The states that are possible for each resource type are listed in the following table.
State | Description |
---|---|
Healthy | Object Storage is healthy. |
Multicloud Object Gateway is not running | Shown when NooBaa system is not found. |
All resources are unhealthy | Shown when all NooBaa pools are unhealthy. |
Many buckets have issues | Shown when >= 50% of buckets encounter error(s). |
Some buckets have issues | Shown when >= 30% of buckets encounter error(s). |
Unavailable | Shown when network issues and/or errors exist. |
1.2.3. Alert panel
The Alert panel appears below the Health card in both the Persistent Storage dashboard and the Object Storage dashboard when the cluster state is not healthy.

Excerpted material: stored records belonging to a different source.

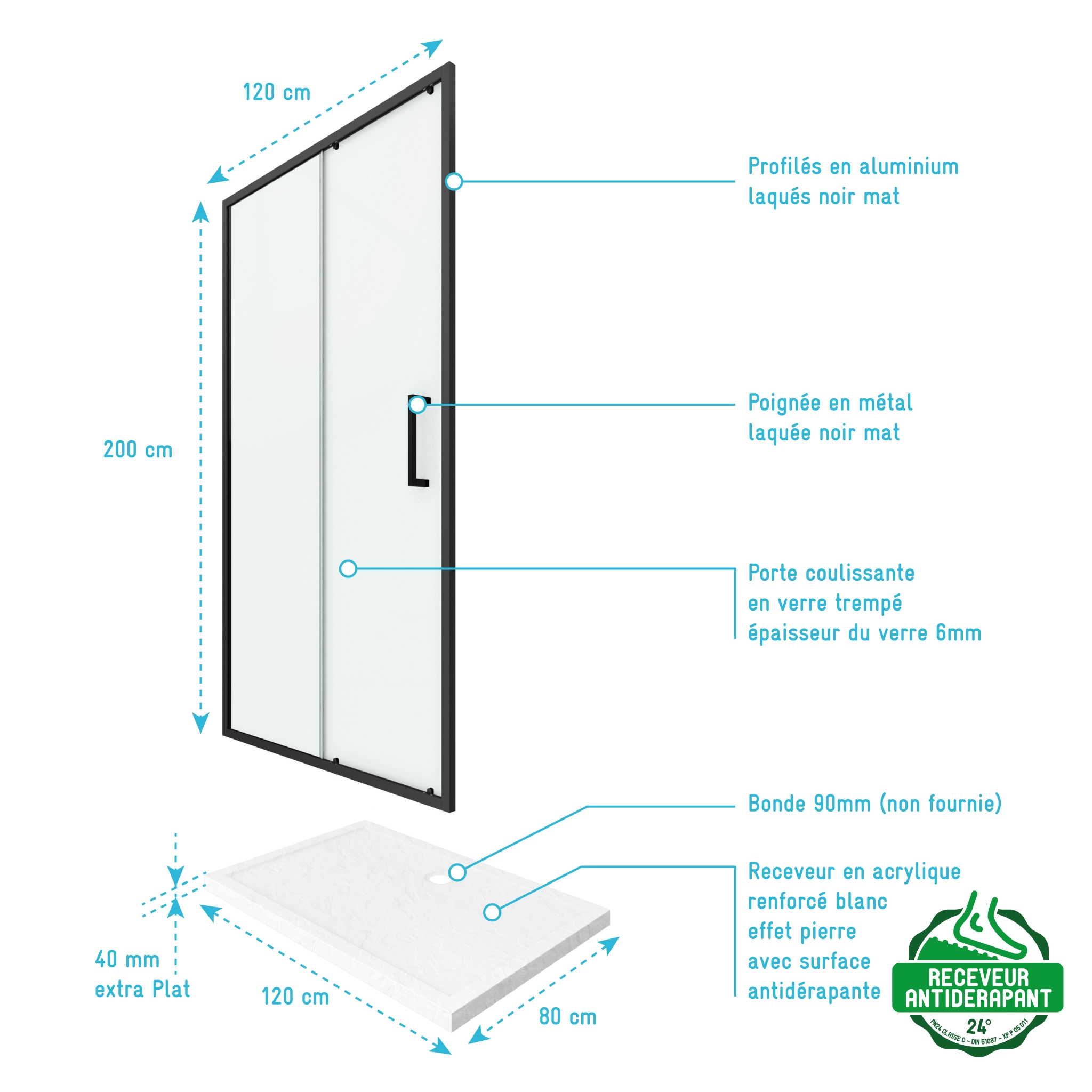 PACK PAROI PORTE DE DOUCHE + RECEVEUR A POSER – 120×80 COULISSANTE -CRUSH MOON 120×80
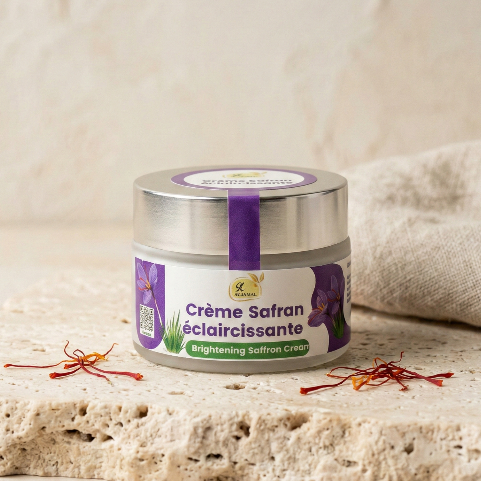 Lightweight saffron cream that illuminates, unifies, and intensely hydrates the skin — paraben-free.
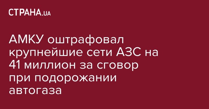 Антимонопольный комитет Украины оштрафовал крупнейшие сети АЗС на 41 млн грн за нарушение законодательства об экономической конкуренции при синхронном повышении цен на сжиженный газ в августе 2017 года.

Information about specific alerts and how to respond to them is available in Troubleshooting OpenShift Container Storage.
Chapter 2. Metrics
2.1. Viewing metrics in persistent storage dashboard
To view the persistent storage dashboard, click Home → Dashboards → Persistent Storage in OpenShift Web Console.
Figure 2.1. Persistent Storage dashboard
The following metrics are available in persistent storage dashboard:
- Details card
- The Details card shows the OpenShift Container Storage cluster name, the provider name, and the OpenShift Container Storage operator version.
- Inventory card
- The Inventory card shows the number of active nodes, PVCs, and PVs in the cluster. On the left hand side, total number of nodes, PVCs, and PVs are displayed and on the right hand side, number of nodes, PVCs, ad PVs that are in good state, error state, or processing state are displayed.
- Health card
- This card shows whether the cluster is up and running without any errors or is experiencing some issues. When the cluster is in a warning or error state, the Alerts section is shown and the relevant alerts are displayed there.
- Capacity card
- In this card, you can choose different options in the drop down menu to view the following for different provider types:
Option | Display |
---|---|
Total capacity (default) | The total storage capacity that OpenShift Container Storage is using to store user data and the overhead caused by ensuring redundancy and reliability of the data. |
Requested vs Used | Requested is the sum total of storage requested by all the pods and Used is the sum total of storage actually used by all the pods. The card shows the available storage against the requested storage and the percentage of storage used. |
- Data Resiliency card
- In this card, you can view if there is any resiliency issue in the cluster. If the cluster is recovering or rebalancing the application data present in the cluster, you will see a progress bar that indicates the progression.
- Top Consumers card
- In this card you can display the top consumers ordered by used capacity, requested capacity, storage class or pod. This information helps you understand how the cluster resources are consumed and elaborate an effective capacity planning strategy.
- Events card
- This card shows the most recent events of the cluster.
- Utilization card
- This card shows input/output operations per second, latency, throughput, and recovery information for the cluster.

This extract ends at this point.